DATA SECTION:
######
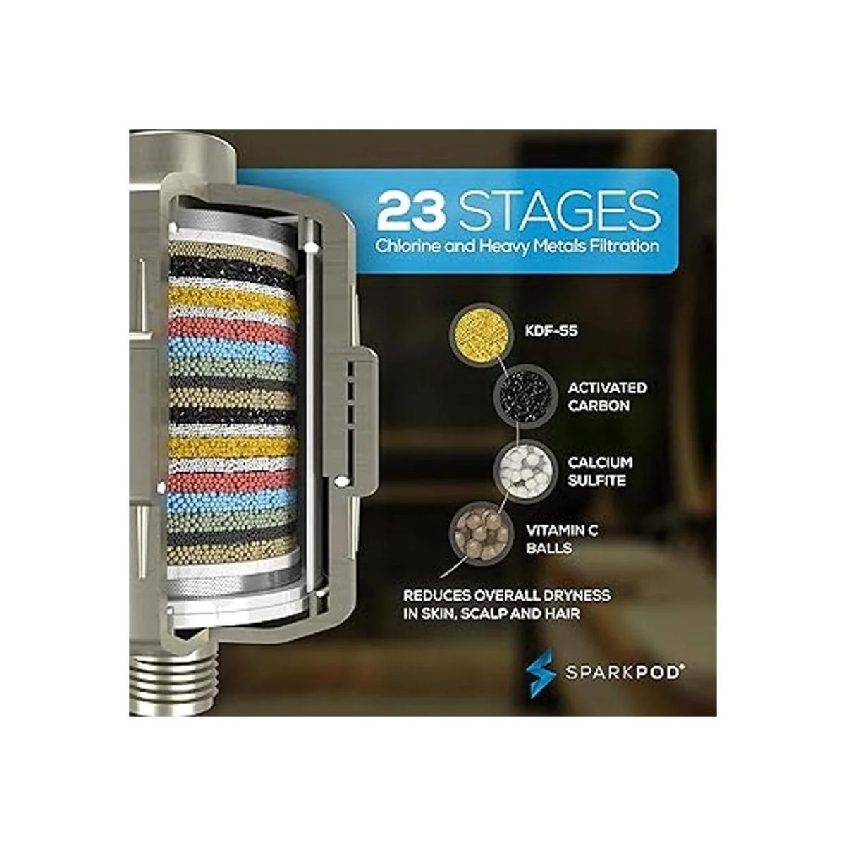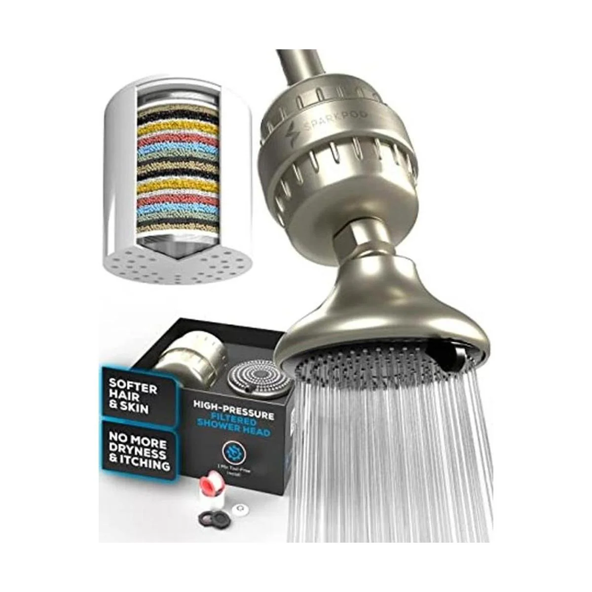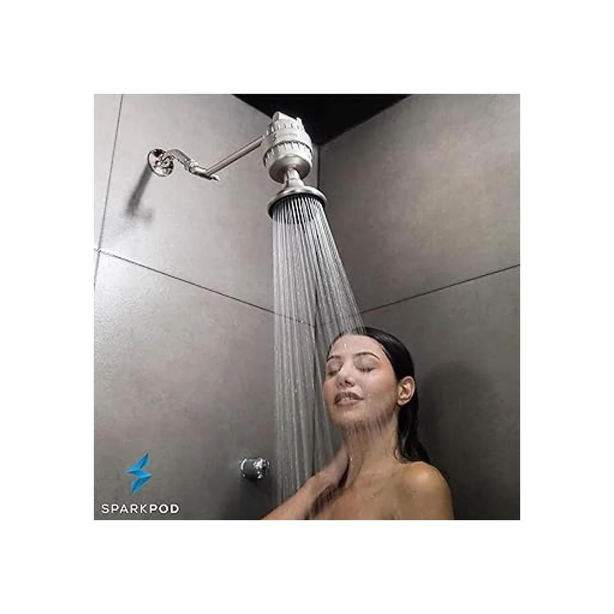 SparkPod Cabezal de ducha con filtro de agua de alta presión para cloro y sustancias nocivas reduce el eccema y la caspa, ajustable y fácil de instalar níquel cepillado
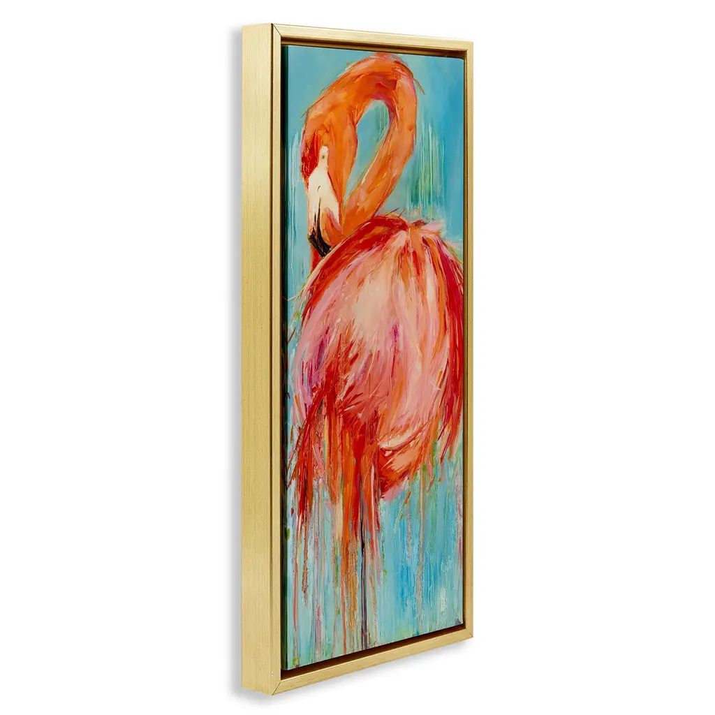 Elevate your home or office to the next level with Stupell Framed Floating Canvas Wall Art. Our premium hand-stretched canvas is mounted securely into a sturdy lightweight frame. The museum-style gap between the wrapped canvas and the box frame gives the illusion of floating artwork. Stupell Wall Art is made in the USA.Features: Dimensions: 11 x 1.7 x 25 Frame, 10 x 1.5 x 24 Canvas ArtFloating Frame Canvas Products are available in sizes 11"x25" and 14"x31". All Floating Frame Canvas Products have a 1.7" Depth.Wall Art is Ready to Hang with Hardware Free Hanging. No Installation required. For Easy Set Up Lean or Layer Artwork on Shelf or Against Wall. Artwork is Permently Fixed into the Frame.Our elevated 1.7" Thick Floating Frame is the perfect complement to our canvas style Wall Art. We use only the highest quality inks in house with industry leading printing solutions. Canvas is hand stretched over a durable wood foundation and then mounted securly into a Modern Box Frame. Made in the USA.Artwork Relates To: Animal, Bird, Flamingo, Beak, Modern, Painting, Abstract Design by Kathleen Broaderick
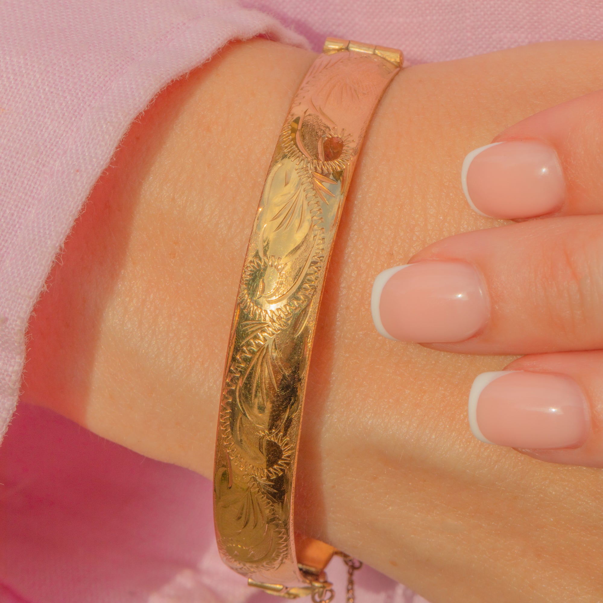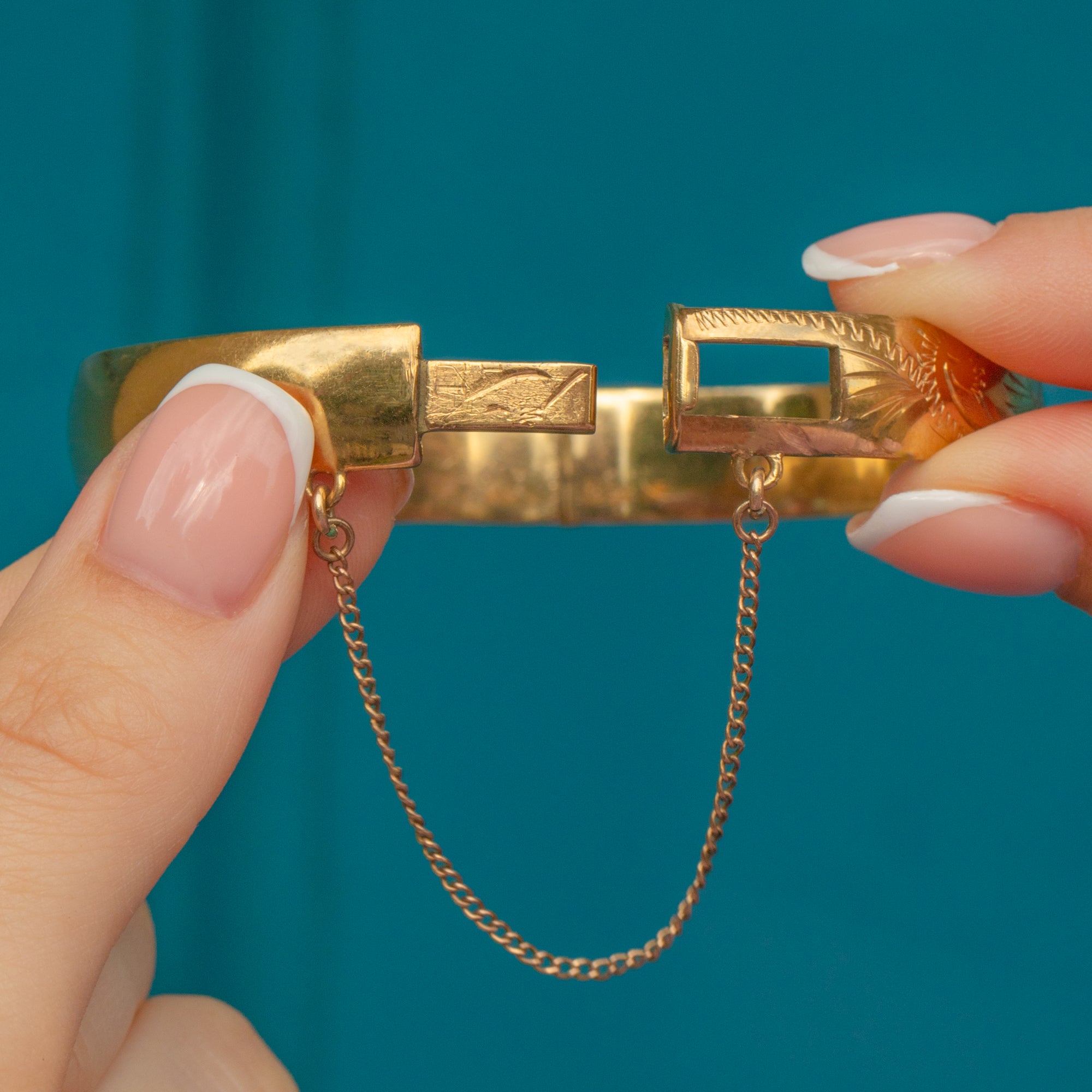VERY GOOD-EXCELLENT. This Excalibur 9ct rolled Gold engraved bangle is in wonderful condition. There are some surface marks on the tongue from her use over time, but this doesn't affect her functionality. This Gold bangle has a beautifully engraved front, a safety chain for secure wear, and a fully functioning clasp that allows you to wear it with confidence.
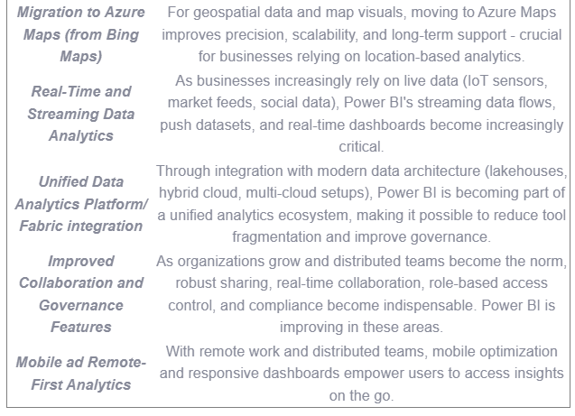Continuous Innovation and Alignment with Trends: Microsoft's ongoing investment ensures Power BI evolves, embracing AI, cloud/hybrid, real-time analytics, modern data architecture, and governance, thereby staying future-ready.
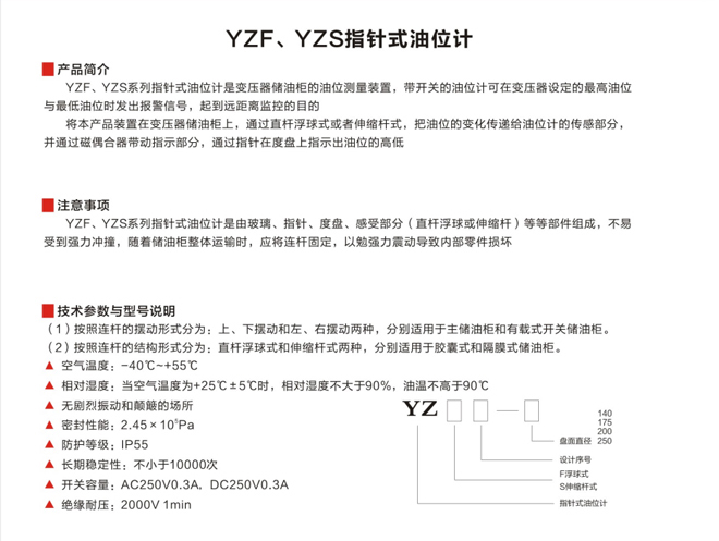 YZF、YZS指针式油位计
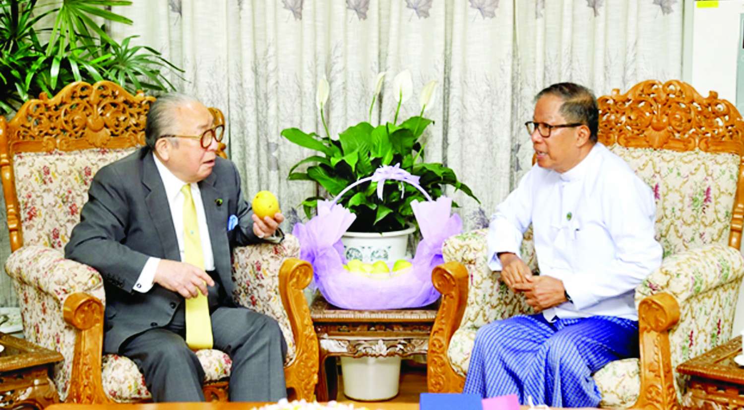 စိုက်ပျိုးရေး၊မွေးမြူရေးနှင့် ဆည်မြောင်းဝန်ကြီးဌာန ပြည်ထောင်စုဝန်ကြီး ဦးတင်ထွဋ်ဦးသည်ဂျပန်- မြန်မာအသင်းဥက္ကဋ္ဌ Mr. WATAN-ABE Hideo နှင့်အဖွဲ့အား ယနေ့နံနက်၁၀နာရီတွင် ပြည်ထောင်စုဝန်ကြီးရုံးဧည့်ခန်းမ၌ လက်ခံတွေ့ဆုံသည်။
######
ASSIGNMENT:
Copy the whole of the material above exactly, but not its images.

REPLY TO THE EXERCISE:
 SparkPod Cabezal de ducha con filtro de agua de alta presión para cloro y sustancias nocivas reduce el eccema y la caspa, ajustable y fácil de instalar níquel cepillado
 Elevate your home or office to the next level with Stupell Framed Floating Canvas Wall Art. Our premium hand-stretched canvas is mounted securely into a sturdy lightweight frame. The museum-style gap between the wrapped canvas and the box frame gives the illusion of floating artwork. Stupell Wall Art is made in the USA.Features: Dimensions: 11 x 1.7 x 25 Frame, 10 x 1.5 x 24 Canvas ArtFloating Frame Canvas Products are available in sizes 11"x25" and 14"x31". All Floating Frame Canvas Products have a 1.7" Depth.Wall Art is Ready to Hang with Hardware Free Hanging. No Installation required. For Easy Set Up Lean or Layer Artwork on Shelf or Against Wall. Artwork is Permently Fixed into the Frame.Our elevated 1.7" Thick Floating Frame is the perfect complement to our canvas style Wall Art. We use only the highest quality inks in house with industry leading printing solutions. Canvas is hand stretched over a durable wood foundation and then mounted securly into a Modern Box Frame. Made in the USA.Artwork Relates To: Animal, Bird, Flamingo, Beak, Modern, Painting, Abstract Design by Kathleen Broaderick
VERY GOOD-EXCELLENT. This Excalibur 9ct rolled Gold engraved bangle is in wonderful condition. There are some surface marks on the tongue from her use over time, but this doesn't affect her functionality. This Gold bangle has a beautifully engraved front, a safety chain for secure wear, and a fully functioning clasp that allows you to wear it with confidence.
Continuous Innovation and Alignment with Trends: Microsoft's ongoing investment ensures Power BI evolves, embracing AI, cloud/hybrid, real-time analytics, modern data architecture, and governance, thereby staying future-ready.
 YZF、YZS指针式油位计
 စိုက်ပျိုးရေး၊မွေးမြူရေးနှင့် ဆည်မြောင်းဝန်ကြီးဌာန ပြည်ထောင်စုဝန်ကြီး ဦးတင်ထွဋ်ဦးသည်ဂျပန်- မြန်မာအသင်းဥက္ကဋ္ဌ Mr. WATAN-ABE Hideo နှင့်အဖွဲ့အား ယနေ့နံနက်၁၀နာရီတွင် ပြည်ထောင်စုဝန်ကြီးရုံးဧည့်ခန်းမ၌ လက်ခံတွေ့ဆုံသည်။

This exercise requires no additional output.